# opinions on speaker choice



## yelis300 (Nov 9, 2010)

So im thinking about getting some new HT speakers to replace my old paradigm's. right now i have a pair of paradigm legend v.3 towers and the matching cc-270 center. Great speakers in my opinion but those being my first and only set of ht speakers kind of leaves me in the dark, as thats all i've heard. I have been told by my local paradigm dealer that even if i upgrade to a better set of speakers, i probably wont hear much of a difference. ive been told speaker technology is very slow moving in that even in 10+ years u wont "hear" much of a difference unless u upgrade 2x to 3x the money spent on previous speakers. i dont really have the cash to spend to go 2x 3x the price of the paradigms i have right now. I think i got the towers (10+ years ago) for like 800 for the pair and maybe 200-300 for the center. the paradigm towers i have right now have 3 5 1/2 " drivers and 1 1"tweeter. the cabinet is set up as driver-port-driver on the lower half of the tower and the upper half as driver-tweeter. the center is set up as driver-tweeter-driver also 5 1/2" drivers and 1" tweeter.

i've been looking at four different speaker manufacturers and the one's that caught my eye the most were Emptek, Emotiva, Psb and Aperion audio.

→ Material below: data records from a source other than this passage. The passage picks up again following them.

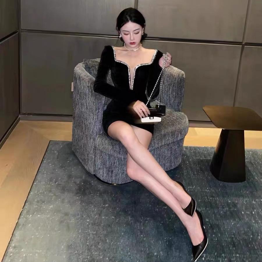 秋冬高级名媛小香风低胸性感方领长袖丝绒连衣裙高端气质包臀短裙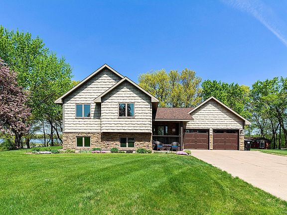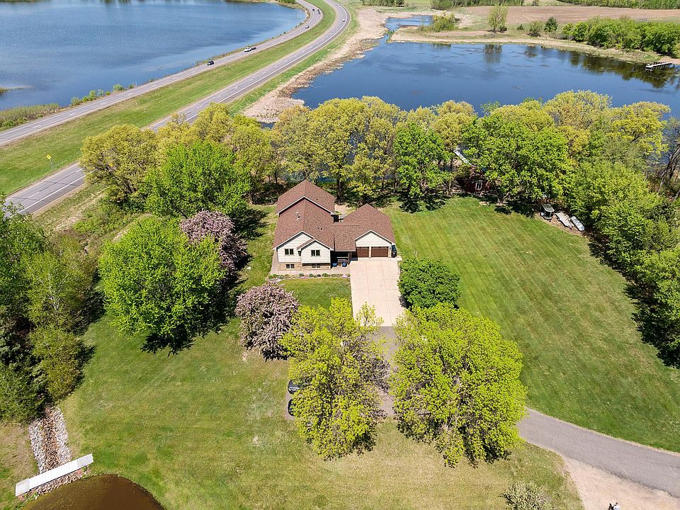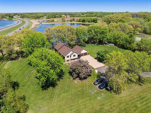 Set on over six breathtaking acres with tranquil water views and a shimmering pond, this impeccably maintained & fully custom home is a rare find that integrates elegant upgrades with comfort and the beauty of nature. From the moment you arrive, the recently painted exterior and new roof exude curb appeal, complemented by professional landscaping featuring perennial gardens, retaining walls, stone stairs leading to the water, and a cozy fire pit. Step inside to discover a chef’s dream kitchen with stunning granite countertops, custom-built cabinets, updated stainless steel appliances, and a wine refrigerator situated perfectly into a bar-height island. The home’s updated flooring flows seamlessly through spacious living areas, including a large lower-level family room (pool table included if you want it!) and dining room, both with comforting gas fireplaces. Remodeled bathrooms and a primary suite with an attached office or sitting area (complete with its own private deck!) elevate the everyday. You’ll find a third and double-sided fireplace up here also. Anderson windows (some triple-pane for superior sound abatement) frame stunning pond views from both sides of the home. Outside, freshly stained decks and an exposed aggregate patio invite relaxation, while a fully finished recreation building with heat, A/C, power, and its own patio offers endless possibilities. A heated and insulated garage, new water pressure tank, water heater, water softener, and newer washer and dryer ensure modern convenience. For outdoor enthusiasts, a basketball hoop, easy access to Highway 169, and a dock await, where you can fish for crappies, sunfish, bass, and northern pike. Daily wildlife sightings—swans, geese, eagles, turkeys, deer, foxes, ducks, and rabbits—add to the enchantment. With every detail meticulously upgraded, this is more than a home; it’s a lifestyle where luxury meets tranquility.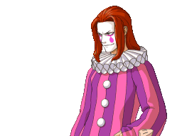 Simon Keyes, a clown-like character with red hair, is shown with a fluffy white cat appearing on his arm.
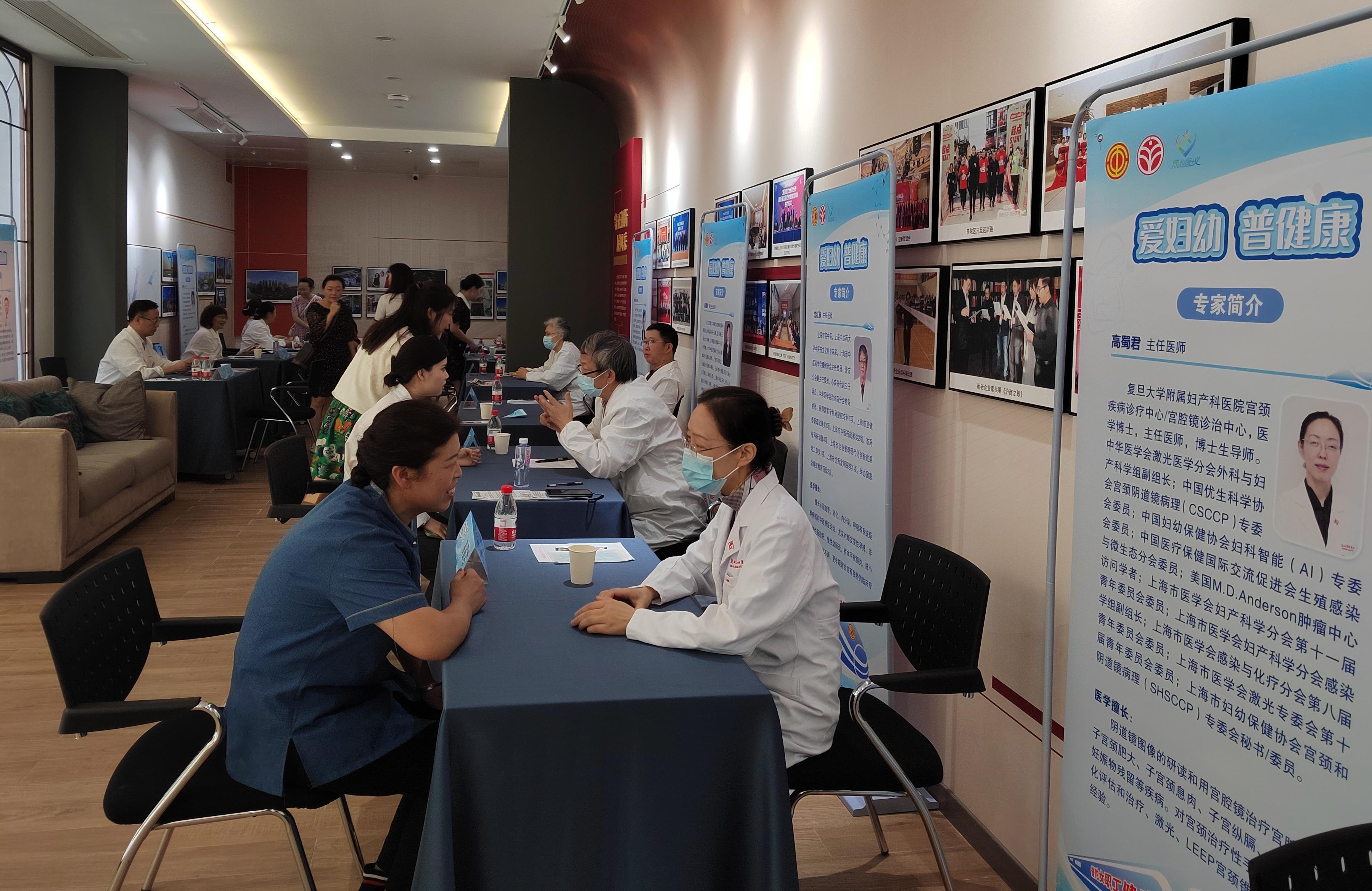 义诊区里,宫颈科、儿科、乳腺科、心内科、中医科等义诊台前咨询者络绎不绝,来自市胸科医院、红房子妇产科医院和普陀区中心医院、普陀区妇婴保健院的10名专家现场坐珍,为女性朋友答疑解惑。据悉,此次义诊是“爱妇幼 普健康”女职工健康直通车“停靠”的最后一站。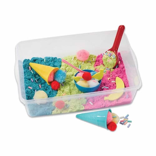 As crianças pequenas embarcarão em uma aventura de criação e aproveitarão horas de brincadeiras imaginativas enquanto pegam, separam e exploram os tesouros dentro do Kit Sensory Bin Ice Cream Shop!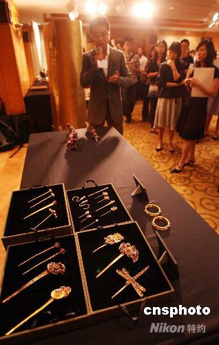 九月十日,香港國際藝展公司向傳媒展示一套華美精巧的黃金發(fā)飾,估計(jì)拍賣價在八百萬港元。該公司主辦的 “2008香港國際古玩及藝術(shù)品博覽會”將在十月四日至七日在會展中心舉行。中新社發(fā) 洪少葵 攝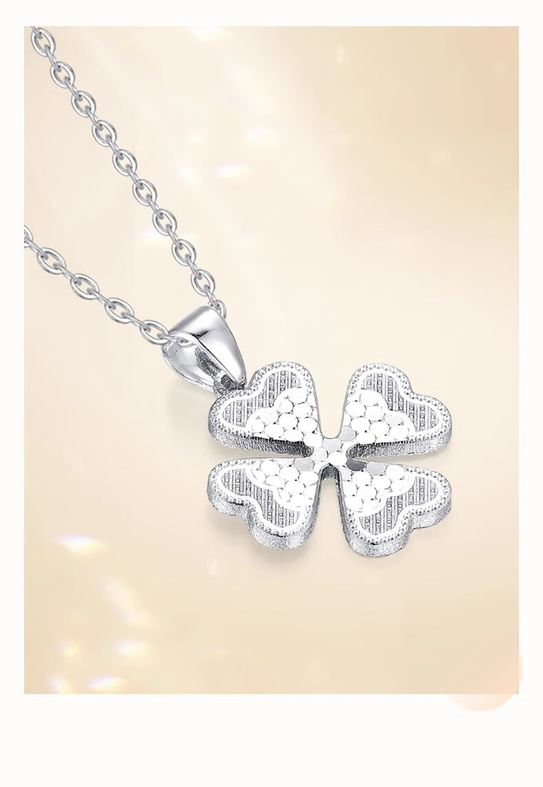 Lao Fengxiang PT950 platinum scale four-leaf clover pendant for women, new sexy necklace jewelry birthday gift for girlfriend, platinum lucky four-leaf clover pendant, about 2.8g, free silver chain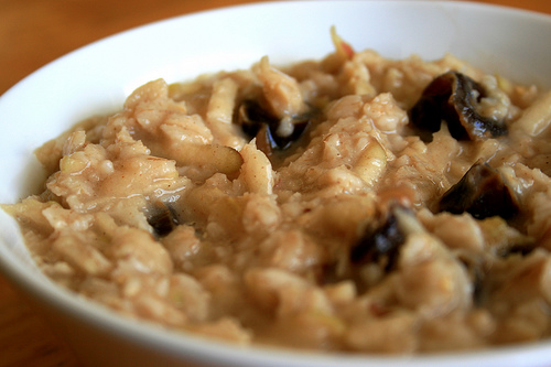 Maybe it really does stick to my ribs. They say oatmeal fills you up and keeps you going all morning. I’ve never been a breakfast eater – I simply don’t feel hunger till I’ve been up for a few hours – but as I get wiser I understand that sometimes food isn’t a treat so much as it is medicine, or fuel, and I have to ingest it even if I don’t desire it. So I’ve been forcing a small breakfast in, and I have observed that oatmeal lasts longer than yogurt or cold cereal.
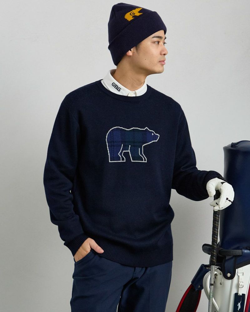 前後に施されたクマが嫌味なく、アイコンになっていて、着心地も抜群!お家庭洗濯も簡単なアイテムなのでお手入れも簡単!ウールを使用しているので、生地に柔らかさもあります。中にシャツを合わせていいですし、一枚で着てもサマになる、今期とっておきのアイテムです!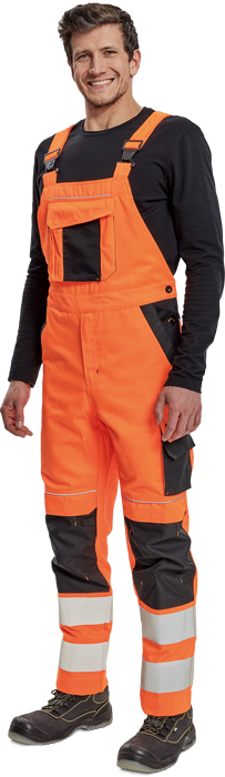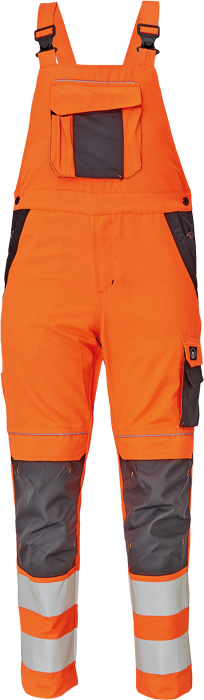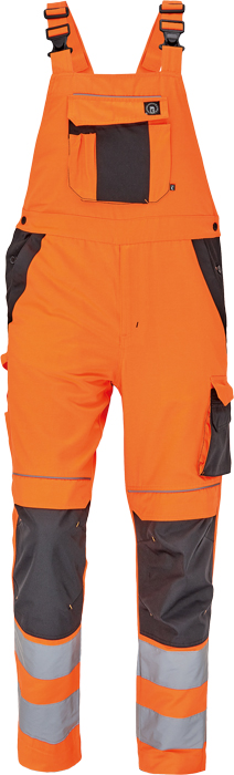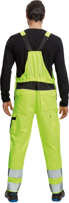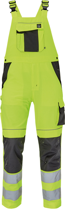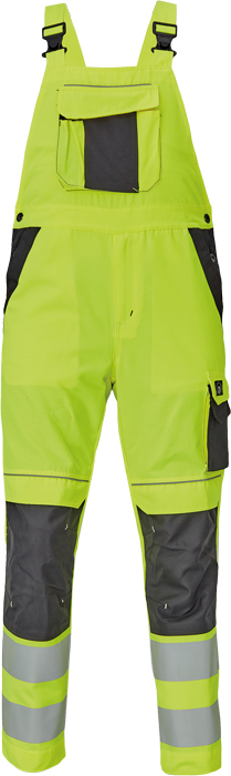 pánské HI-VIS pracovní kalhoty s laclem a elastickým pasem; široké šle s plastovými sponami; 2 přední kapsy, 1 levá zdvojená stehenní kapsa; 1 velká náprsní kapsa na suchý zip, 2 zadní kapsy, 2 menší zadní kapsičky na pravém stehnu; dvojice tištěných 7.5 cm reflexních pruhů na spodní části nohavic, reflexní paspulky; Oxford 600D zesílení kolen s možností horního vkládání nákoleníků; možnost prodloužení nohavic.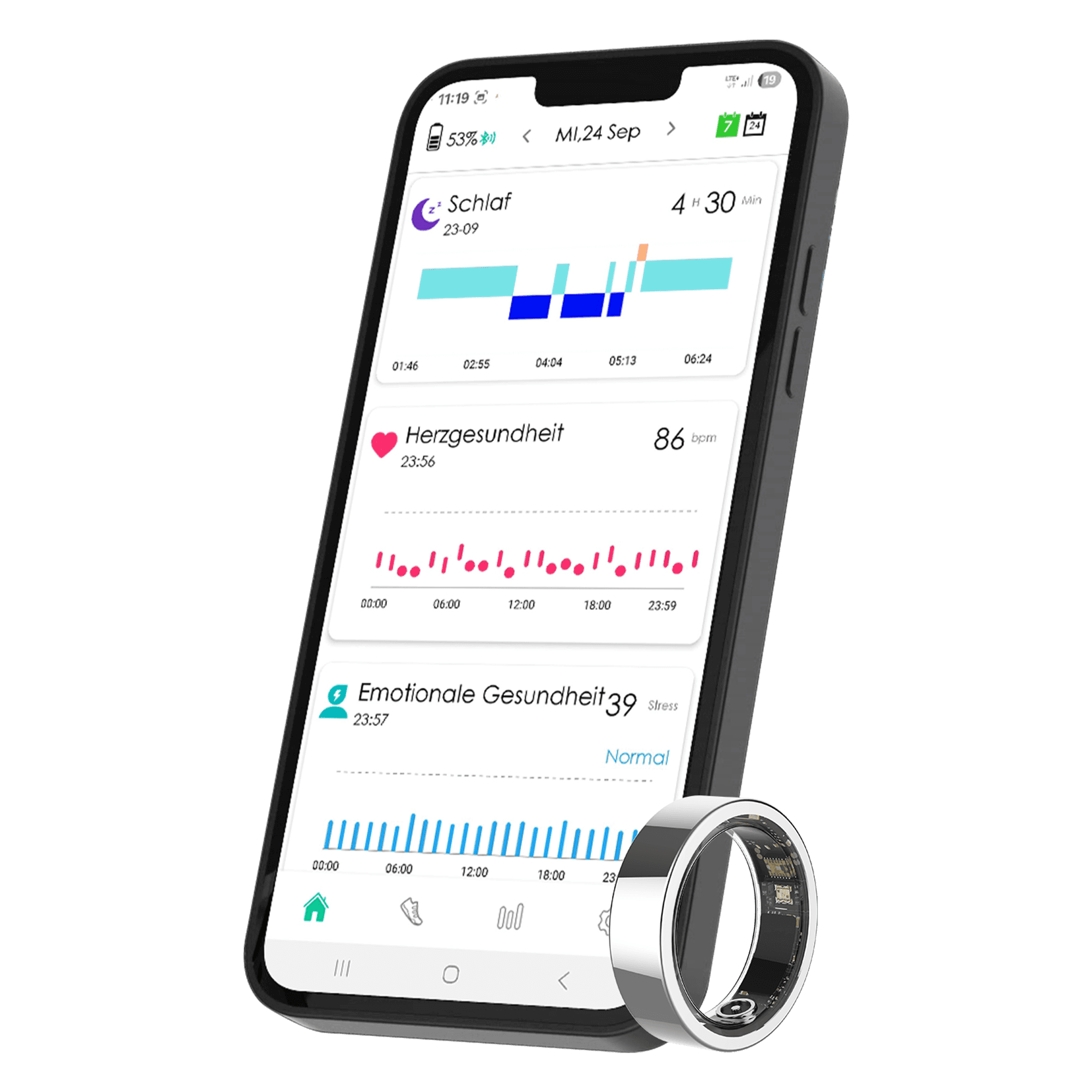 Verbinden Sie den Ring ganz einfach mit der MSmartfit App und erhalten Sie detaillierte Einblicke in Ihre Gesundheit – direkt auf dein Smartphone.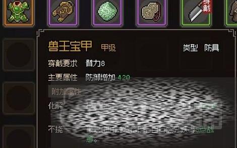 在使用这一个装备时还需要掌握技巧,例如在战斗的过程中可以通过侧面攻击,然后形成缴械效果。另外还可以直接产生一个封穴的作用。玩家别忘记还需要搭配一些装备,例如可以选择兽王宝甲。一旦在合理的搭配之后,就可以尽情的发挥武器的实力,这些就是大家所需要掌握的。

more specifically from Emptek is the E55Ti towers and matching center
from Emotiva the 8.3 reference towers and matching center
from aperion audio the verus grand towers and matching center
from PSB audio the platinum T6 or T8 towers and matching center

i guess i could tell u my budget is 2k for towers and 500-600 for a matching center. dont get me wrong, i love music, but this is mostly for movie watching.

i already have 4 in-ceiling surrounds (the model # escapes me) from paradigm. the surrounds were purchased recently in the last year. Paradigm dealer told me the surrounds would most closely match the drivers in my paradigm towers for timbre matching.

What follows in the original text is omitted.